“Find Work,” an Answer to Every Grief?

Jean Francois Millet, “A Farmer’s Wife Sweeping” (1867)

Monday – Labor Day

I love posting this Rhina Espaillat poem for Labor Day because it captures our ambivalent feelings about work. On the one hand, it shows how work is almost a religion with us: the speaker’s grandmother responds, “Find work” whenever one is grieving. We are given the context we need for why the grandmother would resort to this tough “dictum” time and again. When she was a farm child, hard work anesthetized and muted her “country heart,” and when she was a widow with children, her faith in work was key to her survival. This may sound laudable.

Only the final two lines show that a price that has been paid. When the speaker talks about floors scrubbed “white as bone” and dishes that shine “painfully,” she points to the toll. “Life’s little duties” may seem infinite to the grandmother, but they cover over a very real pain. One senses no peace, no sense of a job well done, in that kitchen. Only “a truce with time/ spent in the lifelong practice of despair.”
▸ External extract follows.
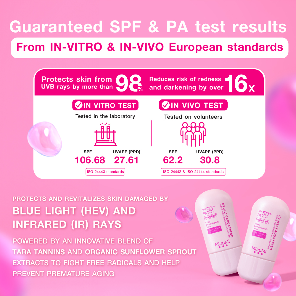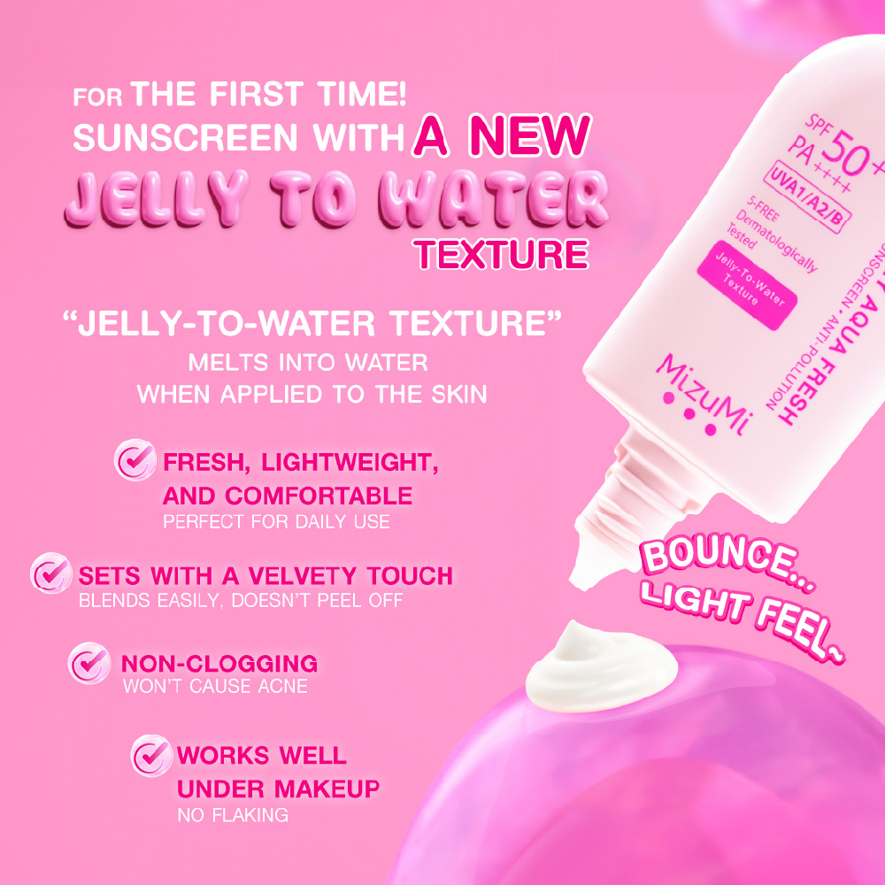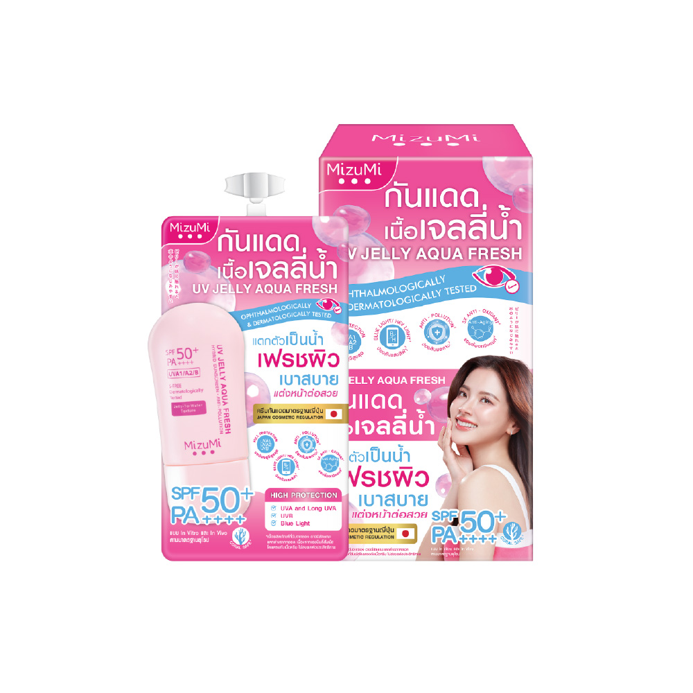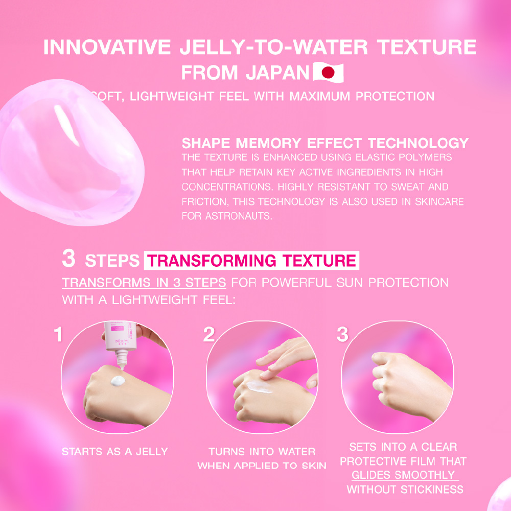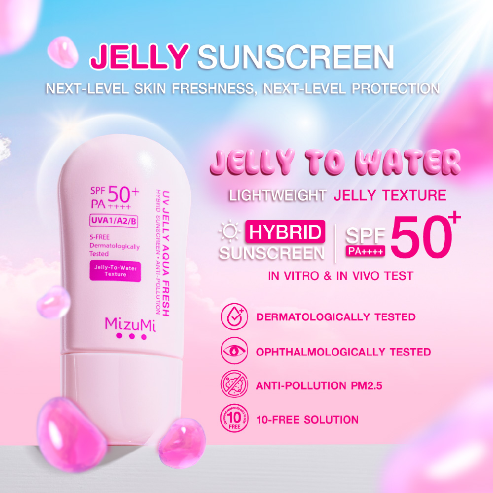 Aqua-fresh jelly sunscreen with a water-light texture that glides on easily – the ultimate innovation in skin protection. • Tested under both In-Vitro & In-Vivo methods according to international standards • Powered by Japanese Silk Microcapsule Technology & Dermatologically Tested – Tested for skin irritation by dermatologists • Ophthalmologically Tested – Tested for eye irritation by ophthalmologists • CORAL SAFE – Free from 4 reef-harming chemical UV filtersBenefits: • UV Protection – Shields skin from UVA / Long UVA / UVB • Anti-Pollution – Helps reduce sensitivity caused by pollution and PM 2.5 • Anti-Blue Light / HEV Light – Protects against blue light and screen exposure • Anti-Oxidant & Anti-Aging – Defends against free radicals and premature aging • SPF50+ PA++++ • Encapsulates sunscreen agents in tiny capsules • Enhances even distribution and arrangement of sunscreen on the skin • Improves stability and long-lasting protection ️ New “Jelly Aqua” Texture ???? Transforms from jelly to water upon application ???? Dries quickly with a velvety, non-greasy finish ???? Makeup-ready immediately after use

Work can ennoble, but not when we sacrifice our humanity to it. 

Find Work

By Rhina P. Espaillat

I tie my Hat—I crease my Shawl—
Life’s little duties do—precisely
As the very least
Were infinite—to me—
—Emily Dickinson, #443

My mother’s mother, widowed very young
of her first love, and of that love’s first fruit,
moved through her father’s farm, her country tongue
and country heart anaesthetized and mute
with labor. So her kind was taught to do—
“Find work,” she would reply to every grief—
and her one dictum, whether false or true,
tolled heavy with her passionate belief.
Widowed again, with children, in her prime,
she spoke so little it was hard to bear
so much composure, such a truce with time
spent in the lifelong practice of despair.
But I recall her floors, scrubbed white as bone,
her dishes, and how painfully they shone.